* What you are asked to do *
Among the lines below, the one containing "Elevate your bedroom" opens the range and the one containing "At day 18 or 26, as" closes it. Print that range exactly, without the pictures.

* Records for the exercise *
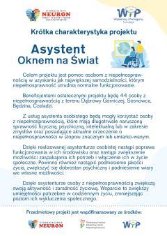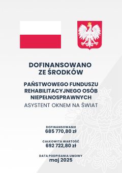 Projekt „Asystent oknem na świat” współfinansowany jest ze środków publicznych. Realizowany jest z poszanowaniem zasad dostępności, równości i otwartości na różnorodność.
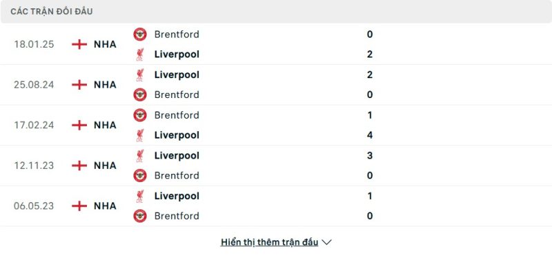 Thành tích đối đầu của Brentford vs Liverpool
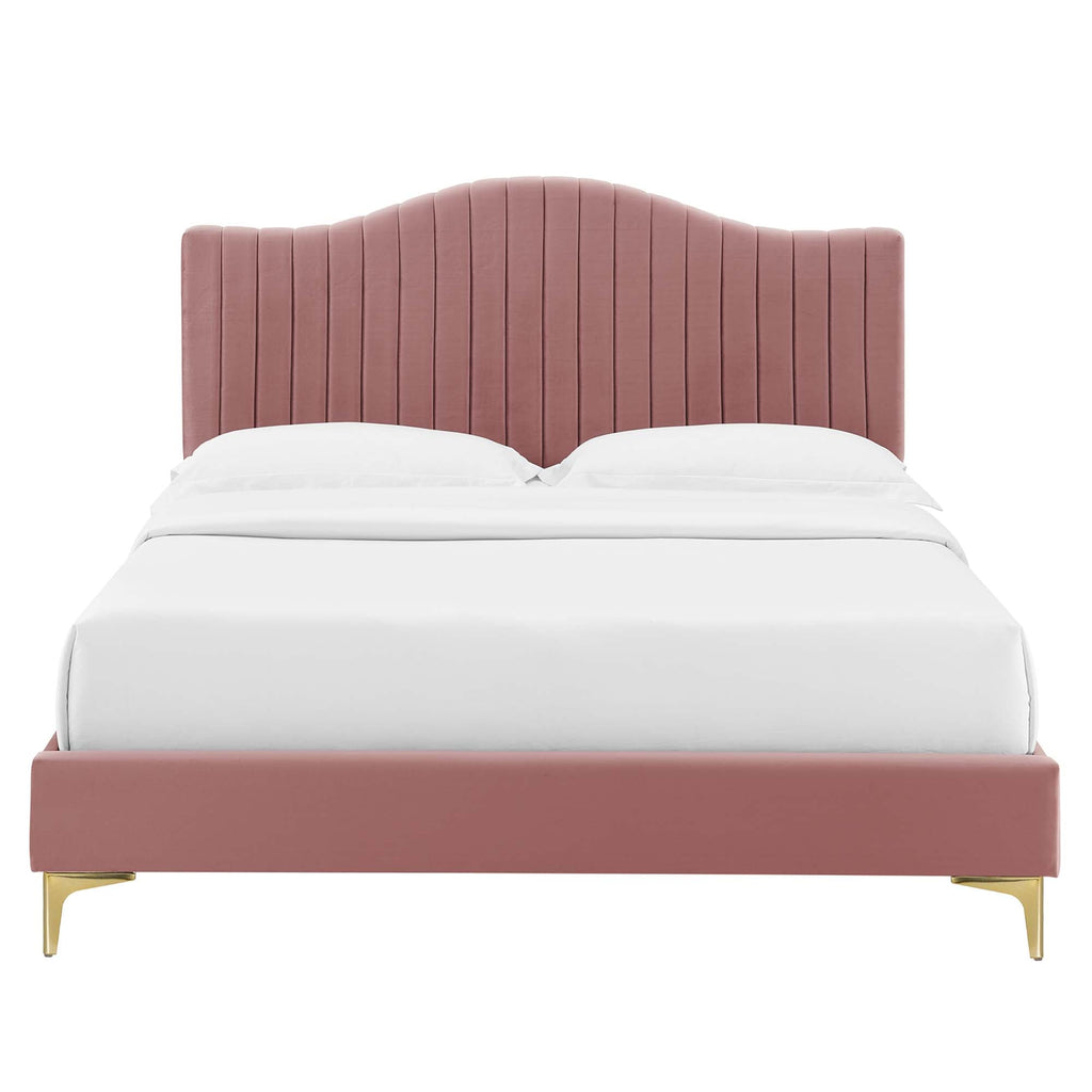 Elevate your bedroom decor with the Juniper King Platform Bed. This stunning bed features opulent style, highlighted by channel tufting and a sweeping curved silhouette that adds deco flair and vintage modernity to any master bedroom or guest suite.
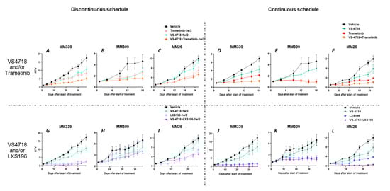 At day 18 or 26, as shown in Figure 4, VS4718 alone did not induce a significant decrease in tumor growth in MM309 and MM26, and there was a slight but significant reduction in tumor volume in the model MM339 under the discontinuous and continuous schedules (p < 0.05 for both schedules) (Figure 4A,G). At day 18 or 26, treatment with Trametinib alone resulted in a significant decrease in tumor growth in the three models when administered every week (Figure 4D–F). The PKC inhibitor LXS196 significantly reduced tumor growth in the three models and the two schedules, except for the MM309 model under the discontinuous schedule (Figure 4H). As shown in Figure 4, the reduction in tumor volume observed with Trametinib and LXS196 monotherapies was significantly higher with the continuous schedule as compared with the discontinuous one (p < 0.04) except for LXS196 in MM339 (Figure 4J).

---

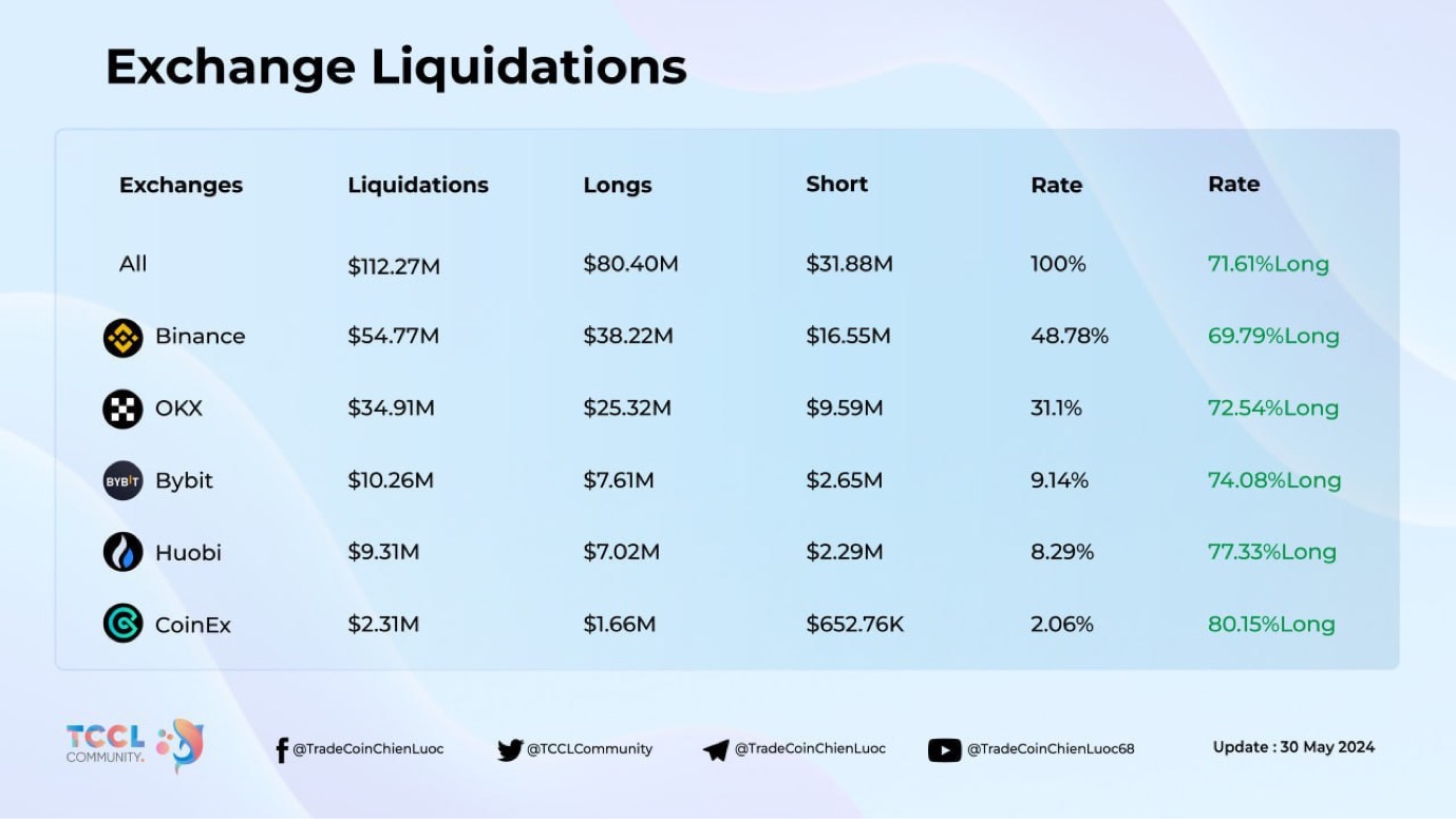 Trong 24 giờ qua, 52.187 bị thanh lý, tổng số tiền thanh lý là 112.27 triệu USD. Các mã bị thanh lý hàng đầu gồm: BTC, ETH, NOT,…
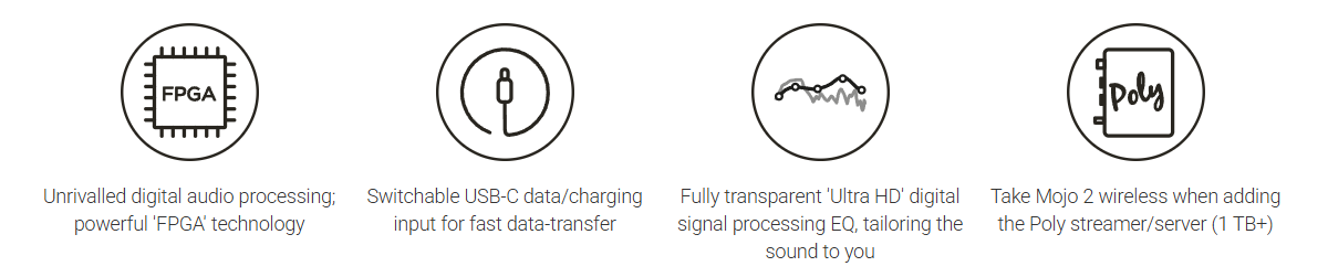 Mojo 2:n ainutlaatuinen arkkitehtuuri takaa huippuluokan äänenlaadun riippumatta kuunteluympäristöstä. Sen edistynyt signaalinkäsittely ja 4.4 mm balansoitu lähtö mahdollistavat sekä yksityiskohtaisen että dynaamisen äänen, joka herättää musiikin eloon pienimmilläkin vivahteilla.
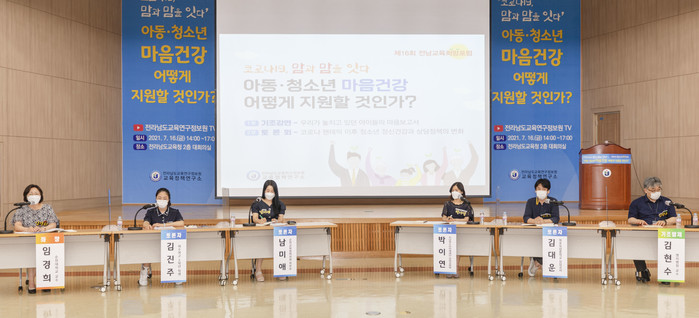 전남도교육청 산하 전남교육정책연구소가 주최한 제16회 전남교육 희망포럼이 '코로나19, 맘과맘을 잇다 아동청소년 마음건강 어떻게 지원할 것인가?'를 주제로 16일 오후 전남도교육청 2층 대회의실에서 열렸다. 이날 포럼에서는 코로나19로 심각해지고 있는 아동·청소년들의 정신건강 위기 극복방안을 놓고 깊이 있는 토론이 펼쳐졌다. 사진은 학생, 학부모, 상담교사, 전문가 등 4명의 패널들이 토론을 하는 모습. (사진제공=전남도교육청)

* The answer *
 Elevate your bedroom decor with the Juniper King Platform Bed. This stunning bed features opulent style, highlighted by channel tufting and a sweeping curved silhouette that adds deco flair and vintage modernity to any master bedroom or guest suite.
 At day 18 or 26, as shown in Figure 4, VS4718 alone did not induce a significant decrease in tumor growth in MM309 and MM26, and there was a slight but significant reduction in tumor volume in the model MM339 under the discontinuous and continuous schedules (p < 0.05 for both schedules) (Figure 4A,G). At day 18 or 26, treatment with Trametinib alone resulted in a significant decrease in tumor growth in the three models when administered every week (Figure 4D–F). The PKC inhibitor LXS196 significantly reduced tumor growth in the three models and the two schedules, except for the MM309 model under the discontinuous schedule (Figure 4H). As shown in Figure 4, the reduction in tumor volume observed with Trametinib and LXS196 monotherapies was significantly higher with the continuous schedule as compared with the discontinuous one (p < 0.04) except for LXS196 in MM339 (Figure 4J).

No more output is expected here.